WHAT NEEDS TO BE DONE -
Pictures appear among the records below and must be omitted. Repeat exactly the lines from the line with "ARMA: Troncato semipartito: nel" to the line with "Kolmannen kerroksen saunallinen", both included.

====================

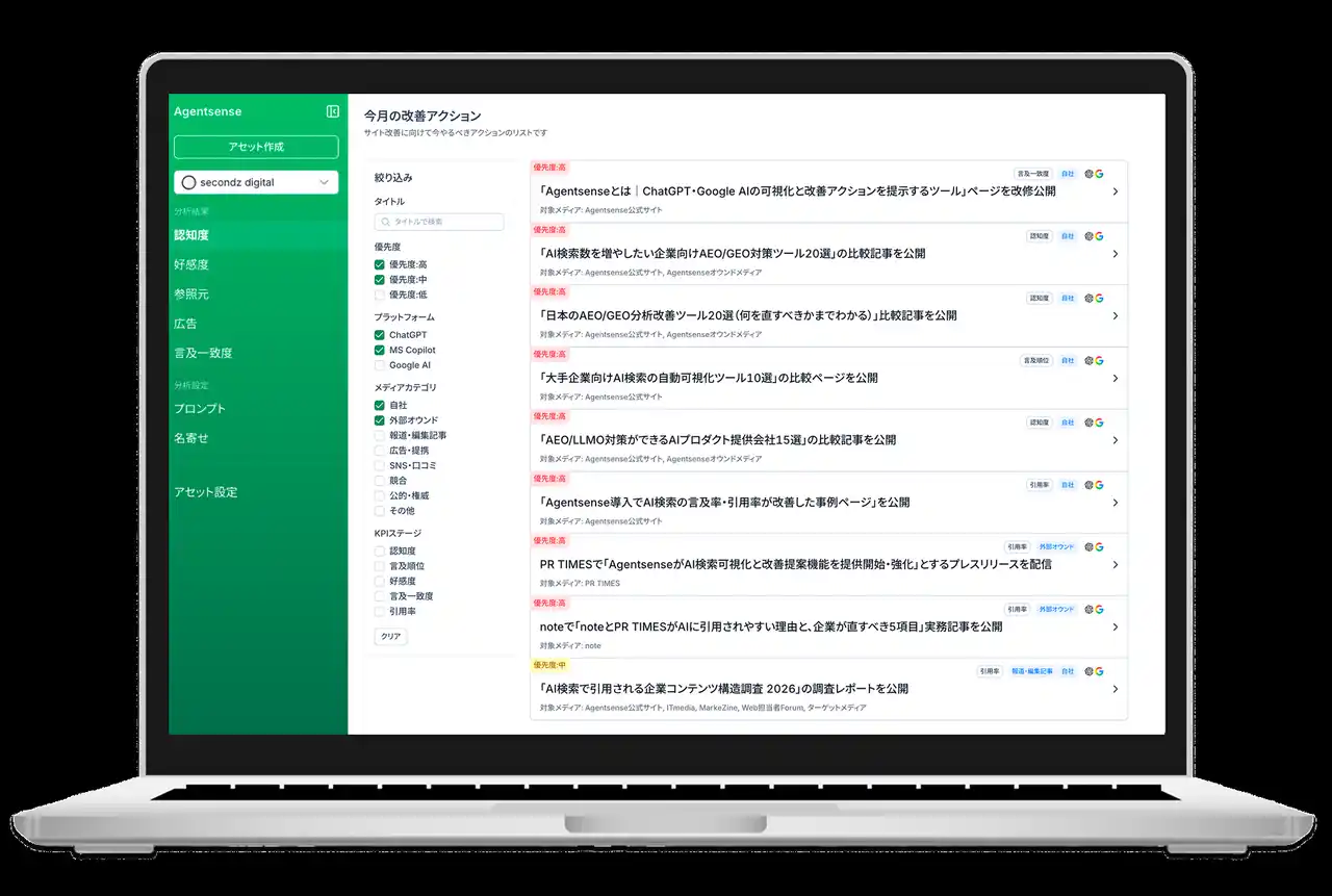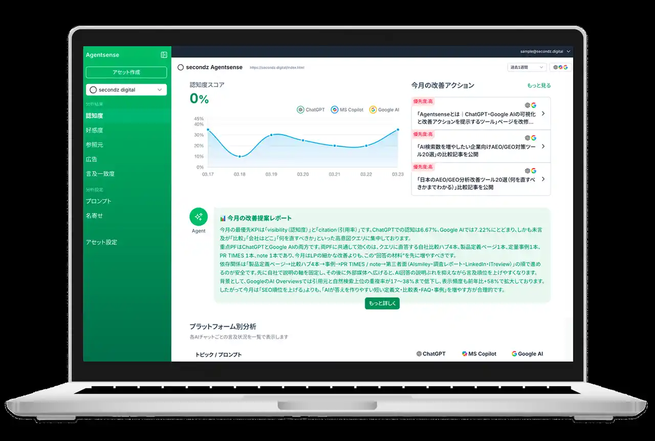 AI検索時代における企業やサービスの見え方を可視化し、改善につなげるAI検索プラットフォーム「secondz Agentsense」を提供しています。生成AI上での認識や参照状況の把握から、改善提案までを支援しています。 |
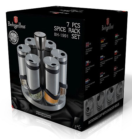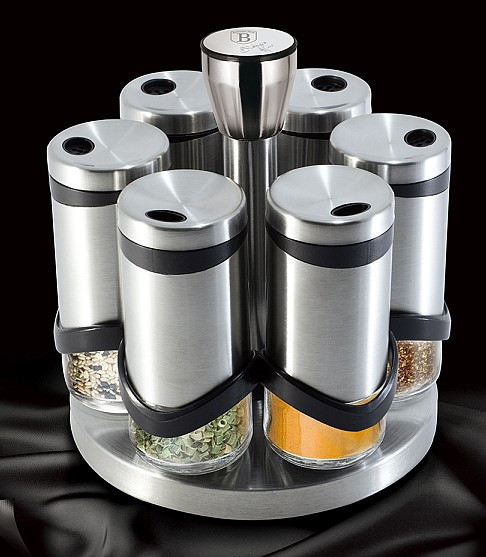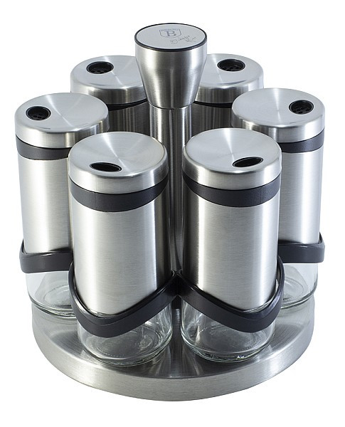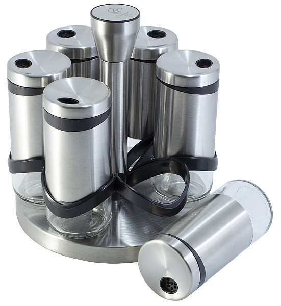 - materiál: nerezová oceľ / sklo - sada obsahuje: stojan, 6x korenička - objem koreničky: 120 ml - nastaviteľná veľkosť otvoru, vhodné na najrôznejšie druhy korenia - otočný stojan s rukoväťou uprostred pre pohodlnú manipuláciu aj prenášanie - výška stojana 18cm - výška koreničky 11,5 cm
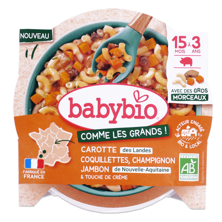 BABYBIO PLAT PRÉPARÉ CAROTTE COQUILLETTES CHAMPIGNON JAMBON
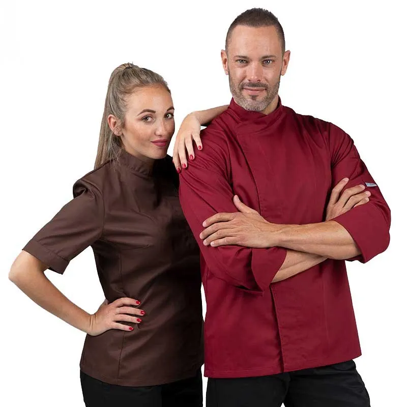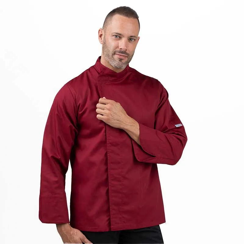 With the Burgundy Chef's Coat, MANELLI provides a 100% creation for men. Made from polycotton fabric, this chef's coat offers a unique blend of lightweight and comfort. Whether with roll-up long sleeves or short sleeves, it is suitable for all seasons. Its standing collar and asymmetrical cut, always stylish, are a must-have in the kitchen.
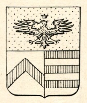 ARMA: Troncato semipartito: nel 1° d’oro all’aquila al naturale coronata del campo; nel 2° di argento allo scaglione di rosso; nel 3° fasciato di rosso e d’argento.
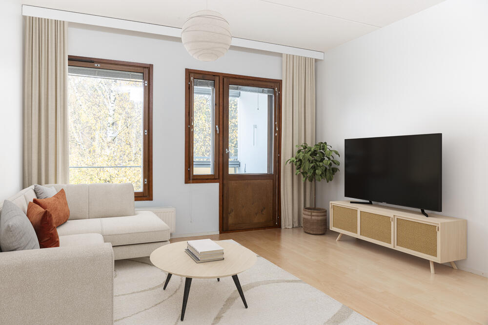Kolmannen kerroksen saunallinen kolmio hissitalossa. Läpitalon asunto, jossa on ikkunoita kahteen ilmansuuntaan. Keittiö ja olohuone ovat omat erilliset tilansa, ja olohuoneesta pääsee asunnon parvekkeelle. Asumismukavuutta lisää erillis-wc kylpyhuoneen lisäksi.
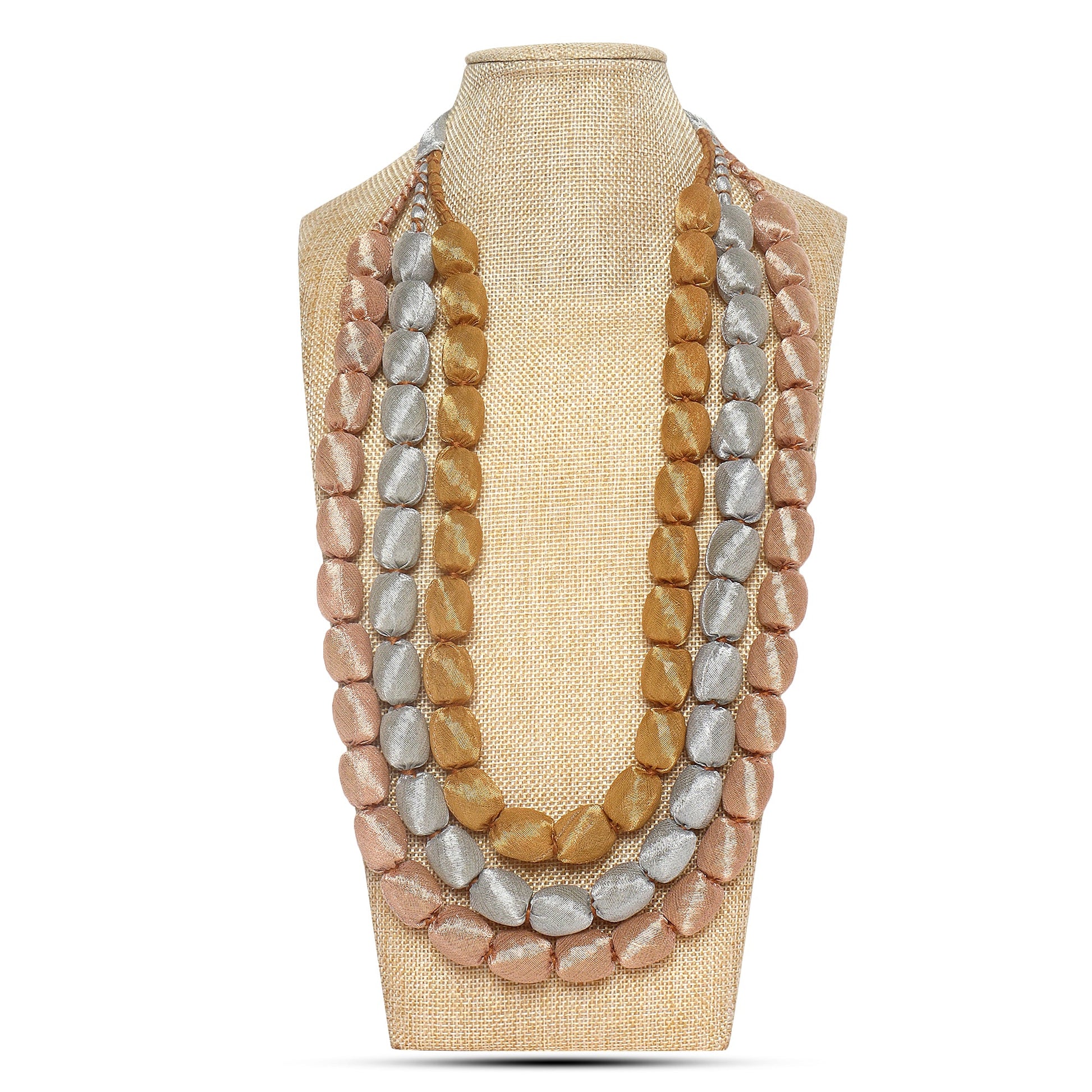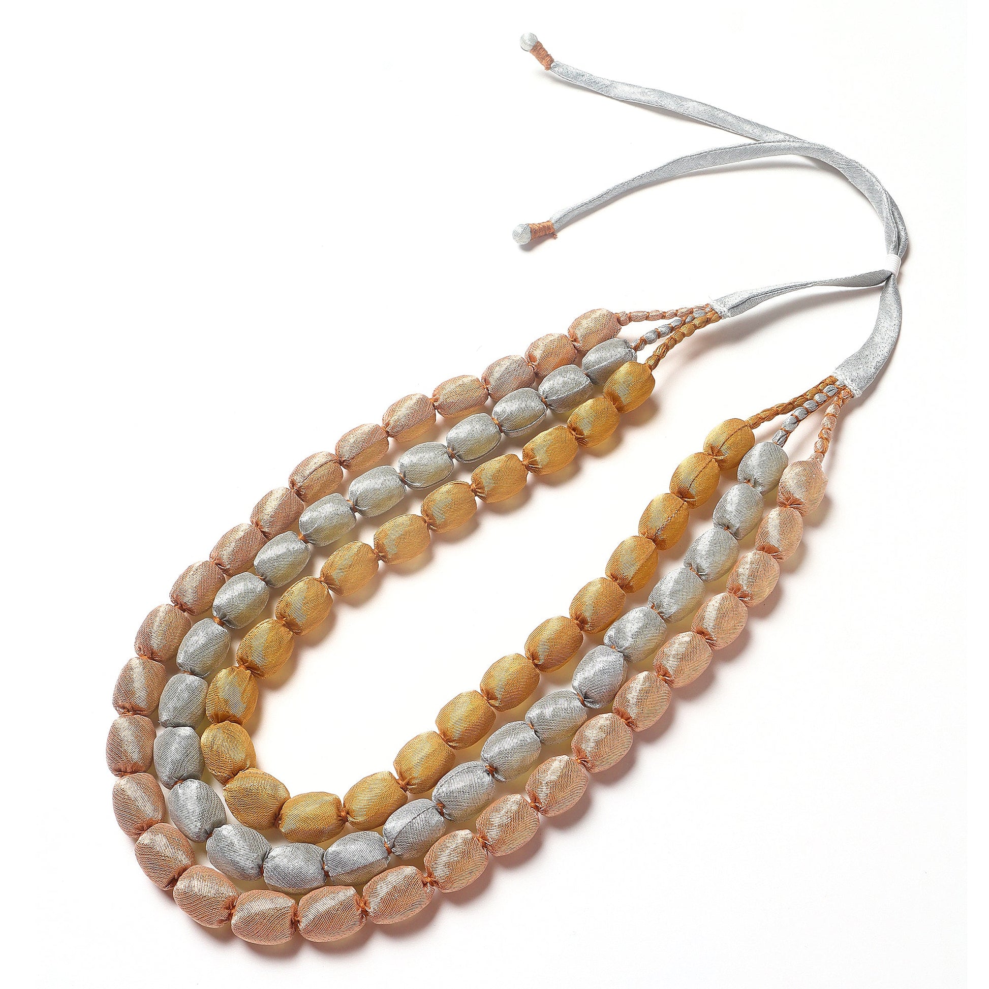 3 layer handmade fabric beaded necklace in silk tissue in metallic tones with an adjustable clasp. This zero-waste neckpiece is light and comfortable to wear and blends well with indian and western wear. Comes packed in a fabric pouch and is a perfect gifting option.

====================

ANSWER FOR THE TASK -
 ARMA: Troncato semipartito: nel 1° d’oro all’aquila al naturale coronata del campo; nel 2° di argento allo scaglione di rosso; nel 3° fasciato di rosso e d’argento.
Kolmannen kerroksen saunallinen kolmio hissitalossa. Läpitalon asunto, jossa on ikkunoita kahteen ilmansuuntaan. Keittiö ja olohuone ovat omat erilliset tilansa, ja olohuoneesta pääsee asunnon parvekkeelle. Asumismukavuutta lisää erillis-wc kylpyhuoneen lisäksi.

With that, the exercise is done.